C’est maintenant.

Échappé quelques instants du bureau de vote que je tiens aujourd’hui pour aller remplir mon devoir électoral, je profite de ce très court répit pour mettre par écrit quelques brèves réflexions sur la campagne qui se termine.

Nous n’avons pas renoncé à la politique ; et l’élection présidentielle, qui a gardé une importance singulière, nous le rappelle tous les cinq ans. Cette journée ressemble à un rendez-vous régulier, quoique rare, de la France avec elle-même. Il semble flotter sur elle comme une atmosphère étrange de solennité et d’excitation mêlées, de curiosité inquiète, d’impatience fascinée. C’est le jour où l’indifférence n’a plus de sens, et l’ironie plus de prise, elles dont nous sommes pourtant si coutumiers.

Cette fin de campagne me laisse un regret, cette espèce d’amertume que l’on ressent après un rendez-vous manqué. Au lieu que la parole politique, si écoutée en ce temps d’élection, ait été tournée vers un dialogue contradictoire et salutaire, il me semble qu’elle s’est épuisée en d’inutiles invectives. Ce serait d’ailleurs trop facile d’en faire porter la responsabilité aux seuls candidats et à leurs équipes : j’ai été affligé de voir les réseaux sociaux, dans les dernières semaines, se transformer en une vaste cour de récréation, où fusaient les demi mensonges et les mauvaises blagues, où l’on se moquait tour à tour du « flamby » et du « nabot ». Il y a une leçon à retenir, pour chacun d’entre nous : tant que nous répondrons par la caricature à des propositions qu’il faudrait contester par la raison, tant que nous nous refuserons à l’effort d’un dialogue respectueux, sérieux et honnête, il ne faudra pas nous plaindre de la médiocrité de nos dirigeants.
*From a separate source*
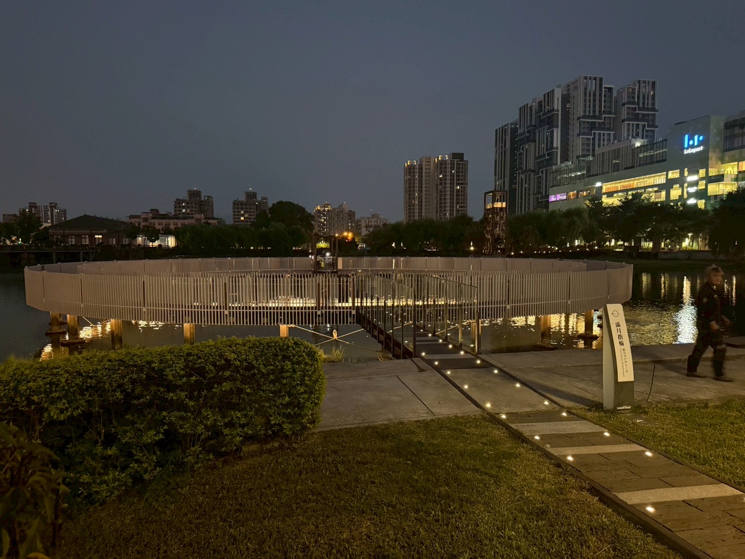 隨著夜幕低垂、園區燈光亮起,湖面光影與城市夜色相互輝映,讓來賓留下深刻印象。大島健資社長盛讚湧泉公園兼具文化、生態與都市滯洪功能,理念與日本推動的「韌性城市」概念相呼應,充分體現尊重自然、與環境共生的設計思維。

Tout cela est habituel, me direz-vous. Peut-être ; je n’ai pas assez de recul pour en juger. Et je voudrais ne jamais m’y résigner. Car cela ne change rien, au contraire : c’est l’occasion de comprendre l’essentiel.

Tant que nous répondrons par la caricature à des propositions qu’il faudrait contester par la raison, tant que nous nous refuserons à l’effort d’un dialogue respectueux, sérieux et honnête, il ne faudra pas nous plaindre de la médiocrité de nos dirigeants.

Et voilà ce qui me semble essentiel.

Quelque soit le résultat de ce soir, il est au moins une chose certaine : le changement n’est pas pour aujourd’hui. Le changement profond que nous attendons, que j’essayais de décrire en ouvrant ce blog, il ne viendra pas d’en haut. Ceux qui croient qu’à lui seul, un président, quel qu’il soit, peut apporter un changement – ou une rupture, sont voués à déchanter demain – si tant est que cette élection ait vraiment beaucoup enchanté jusque là.

Le changement viendra de nous. Il viendra si nous avons la volonté de porter sur la vie politique, dans laquelle nous sommes tous embarqués, un regard plus lucide, plus exigeant, plus authentiquement préoccupé du bien commun. Il nous reste, me semble-t-il, à convertir le regard que nous portons sur notre société, à considérer avec courage notre avenir commun, pour rejeter fermement tout ce qui le met en péril : les discours qui fragilisent notre unité, les décisions qui menacent le lendemain, les choix qui altèrent la qualité morale de la culture que nous partageons. Toutes ces facilités, le plaisir d’un propos que l’on sait schématique, le soulagement de rejeter la faute sur les autres, la paresse d’une vision à court terme, il faut nous en libérer, maintenant.

Le changement peut venir demain, si cette conversion est pour aujourd’hui !

Ceux qui croient qu’à lui seul, un président, quel qu’il soit, peut apporter un changement – ou une rupture, sont voués à déchanter demain – si tant est que cette élection ait vraiment beaucoup enchanté jusque là.